═══ Data
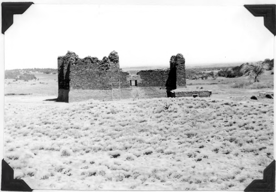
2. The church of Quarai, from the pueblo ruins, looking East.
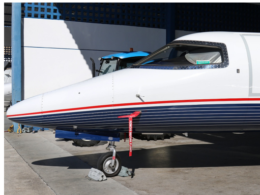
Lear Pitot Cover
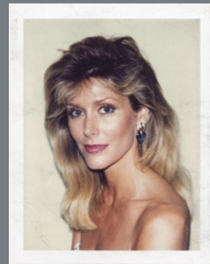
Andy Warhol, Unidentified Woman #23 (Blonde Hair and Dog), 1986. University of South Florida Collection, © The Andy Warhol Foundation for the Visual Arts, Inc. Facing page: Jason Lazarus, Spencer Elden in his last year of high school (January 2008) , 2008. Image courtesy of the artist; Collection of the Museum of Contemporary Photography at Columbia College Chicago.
══════
═══ Data
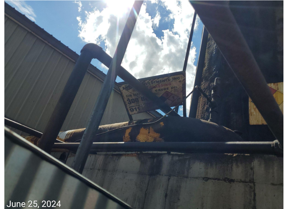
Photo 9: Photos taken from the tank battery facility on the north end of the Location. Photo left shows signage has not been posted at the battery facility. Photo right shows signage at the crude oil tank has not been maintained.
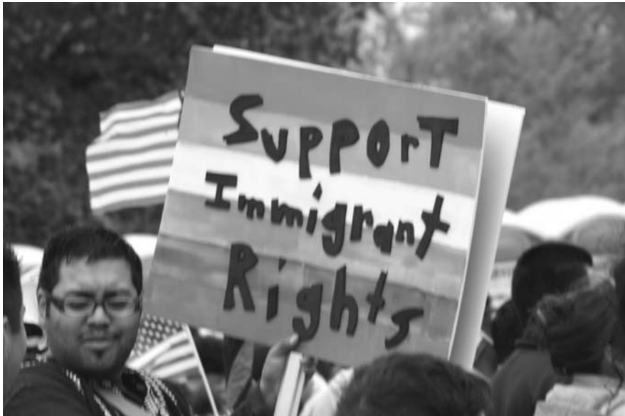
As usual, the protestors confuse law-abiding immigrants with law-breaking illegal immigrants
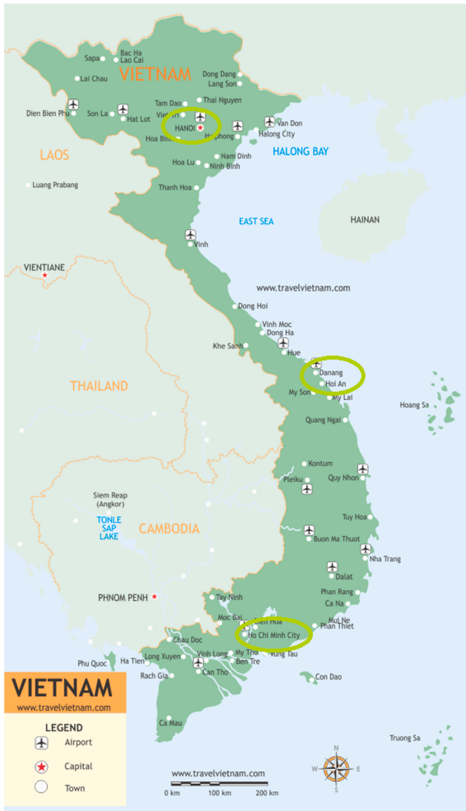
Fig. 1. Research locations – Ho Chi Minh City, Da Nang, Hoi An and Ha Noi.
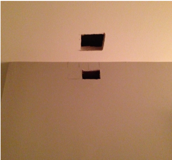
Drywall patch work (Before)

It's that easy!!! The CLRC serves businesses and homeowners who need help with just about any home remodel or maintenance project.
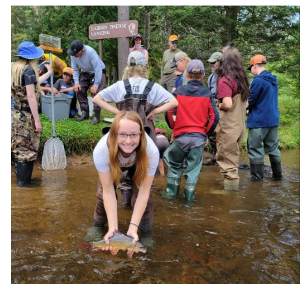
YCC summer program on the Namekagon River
══════
[Your instructions] Look above and copy only the lines from the one holding "Fig. 1. Research" to the one holding "YCC summer program on the Namekagon River", both included, exactly, minus the pictures.

[Written reply]
Fig. 1. Research locations – Ho Chi Minh City, Da Nang, Hoi An and Ha Noi.
Drywall patch work (Before)

It's that easy!!! The CLRC serves businesses and homeowners who need help with just about any home remodel or maintenance project.
YCC summer program on the Namekagon River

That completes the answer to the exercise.